Identification of genes harboring BELDs

We next identified all expressed genes from the mouse cortex, defined by GRO-seq reads per million uniquely mapped reads per kilo base (RPKM) >0.5. Given that neuronal genes and genes linked to neurodevelopmental disorders tend to be long in length (Supplemental Fig. S2A,B; Zylka et al. 2015), we divided expressed genes into four groups based on gene length. We then analyzed chromatin features of these genes by focusing on genomic regions surrounding the transcription start site (TSS) and the gene body. We found that chromatin accessibility and histone modifications are similarly distributed at the TSS among long and short genes (Supplemental Fig. S2C). However, in contrast to TSS, long genes show a tendency of enriched levels of H3K27ac, H3K4me1, and ATAC-seq signals in their gene bodies (Supplemental Fig. S2C–E).

To further explore this gene body feature of chromatin modification, we utilized and modified a previously described methodology to identify genomic regions with distinct chromatin modifications (Whyte et al. 2013). We used both H3K27ac and H3K4me1 profiles to identify genes that are enriched with these two histone modifications in their gene bodies. To establish a reads per million uniquely mapped reads (RPM) cutoff value for these two modifications, we first calculated the gene body H3K27ac and H3K4me1 RPM values for all expressed genes, ranked them by gene body H3K27ac signal, and then constructed a tangent line with a slope of one to identify the cutoff value for RPM (Fig. 1B).
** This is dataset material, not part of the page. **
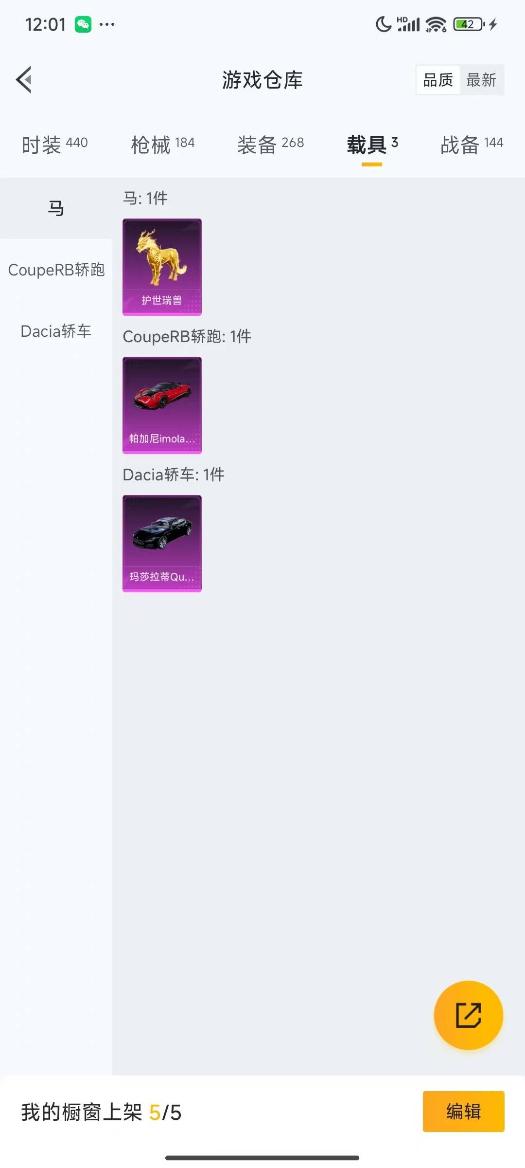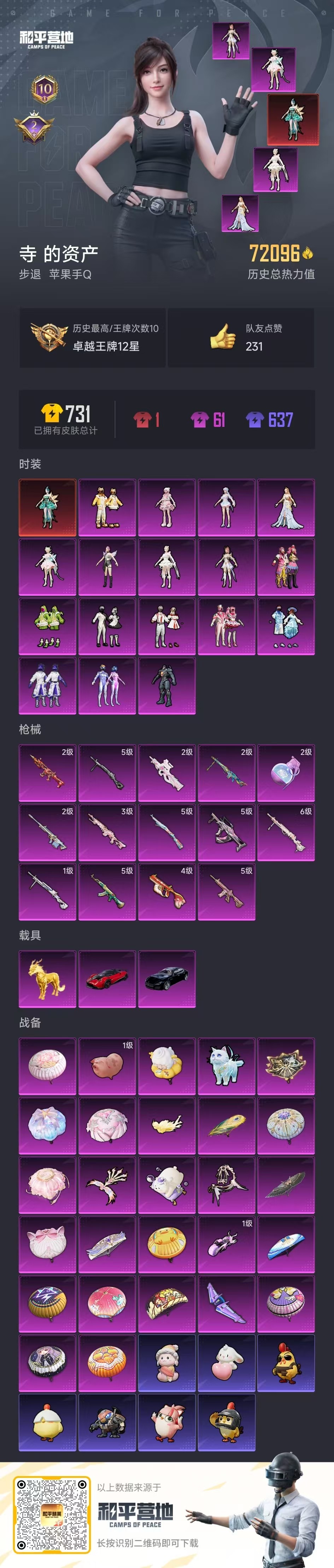 [12202649]1红装 17粉装 14特效枪 3载具 10印记 可二次 可修改实名 优质装备:辉羽雀灵-初翊,三级辉羽雀灵-初翊,帕加尼imola(光影红),护世瑞兽,玛莎拉蒂Quattroporte(夜幕蓝),Vector红伞翩翩,M416心之恋语,梦幻火箭(新101)(新火箭少女101粉色套装),缤纷油彩(猪妹猪脸妹),新星烈龙(小白龙),馨动时刻,AKM绿萝繁花,DP-28圣堂之誓,DP-28-千金淑猫,千金淑猫,GROZA-镜光银凌,MK14-盛世惊鸿,晶梦幻蝶,智耀战神,AMR-智耀战神,破片手榴弹-瓶中星球,MG3-辉羽雀灵,P90-冷漠罗丽,荧海星豚,羊梦糖心,Kar98K-巳巳如意 热门装扮:恐龙拽拽,暖熊萌萌,复仇流浪者,冰川红玫,冰川幽秘,海螺星光,茉莉星,圣堂之誓,兔兔白日梦,激萌罗小黑,浪漫波比 稀有枪皮:DP-28-豹影疾电 六级特效枪:六级DP-28-千金淑猫 五级特效枪:五级GROZA-镜光银凌,五级M416-心之恋语,五级Kar98K-巳巳如意,五级DP-28-豹影疾电,五级AKM-绿萝繁花 四级特效枪:四级Vector-红伞翩翩 三级特效枪:三级MK14-盛世惊鸿 二级特效枪:二级P90-冷漠罗丽,二级MG3-辉羽雀灵,二级AMR-智耀战神,二级破片手榴弹-瓶中星球 一级特效枪:一级DP-28-圣堂之誓 紫色装扮:SS30特训套装,SS31特训套装,云朵鹅,彩虹兔,雪绒豹,SS33特训套装,青涩时光,SS21特训,田园牧歌,轻风白浪,SS22特训,莱茵河畔,龙舌兰冰茶,顶瓜瓜,夏日音浪,幻世战舞者,萌趣咩咩,时希公主,灵公主,乐音,灵幻魔术师,娇憨猪猪,SS20特训,甜心亚梦,虚音幻奏,猎梦纪元,暖心橘喵,灵动马戏师,软羊咩咩,异彩先驱,SS18特训,智慧隐士,雪兔飞飞,飞驰魅影,音速流光,SS19特训,风暴特警,飞行日记,魅力单车,鹤鸣,龙的传人,香桃花海,霓虹极客,长空猛禽,雪山精英,炫蓝之夏,牛气冲天,探宝勇士,蓝彩潮人,狂沙舞者,猎鹰,白熊同盟,迎夏光舞,听雨铃兰,鱼渊荷华,玉兔迎春,燕燕于飞,小狗蛇点点,晶辉守护,青团波波,糖糖葫芦,棉花软糖,竞技名士,绒宝小鹅,都市丽猫,摩登魅猫,街头风暴,梦域神使,红熊茄茄,惊鸿侠骨,粉红小猪,SS25特训,绝对偶像,锦衣飞扬,湖泊玉兰,明鸳圣池,湖雨初晴,星际旅行,无暇誓言,浪漫天命,牛仔情诗,

We found that the ranking of RPM values biases toward long genes. Thus, to avoid the length bias of RPM and to correct for gene length, we also used additional cutoffs of RPKM. By using these criteria for both H3K27ac and H3K4me1 (Fig. 1C), we identified 185 genes with enriched H3K4me1 and H3K27ac signals across their gene bodies, which we termed BELD genes (Supplemental Table S1). Notably, the gene body H3K27ac signals are highly correlated with gene body H3K4me1 signals and ATAC-seq signals (Supplemental Fig. S2F,G).

We found that BELD genes, showing a median length of 303 kb and a mean length of 364 kb, are significantly longer than other genes expressed in the cortex (Fig. 1D). To characterize potential features of BELD genes but exclude any bias due to gene length, we further generated a control set of 185 non-BELD genes with a median length of 262 kb and a mean length of 272 kb, which we termed non-BELD control genes (Supplemental Table S2). For all subsequent analyses, BELD genes were compared directly with non-BELD control genes.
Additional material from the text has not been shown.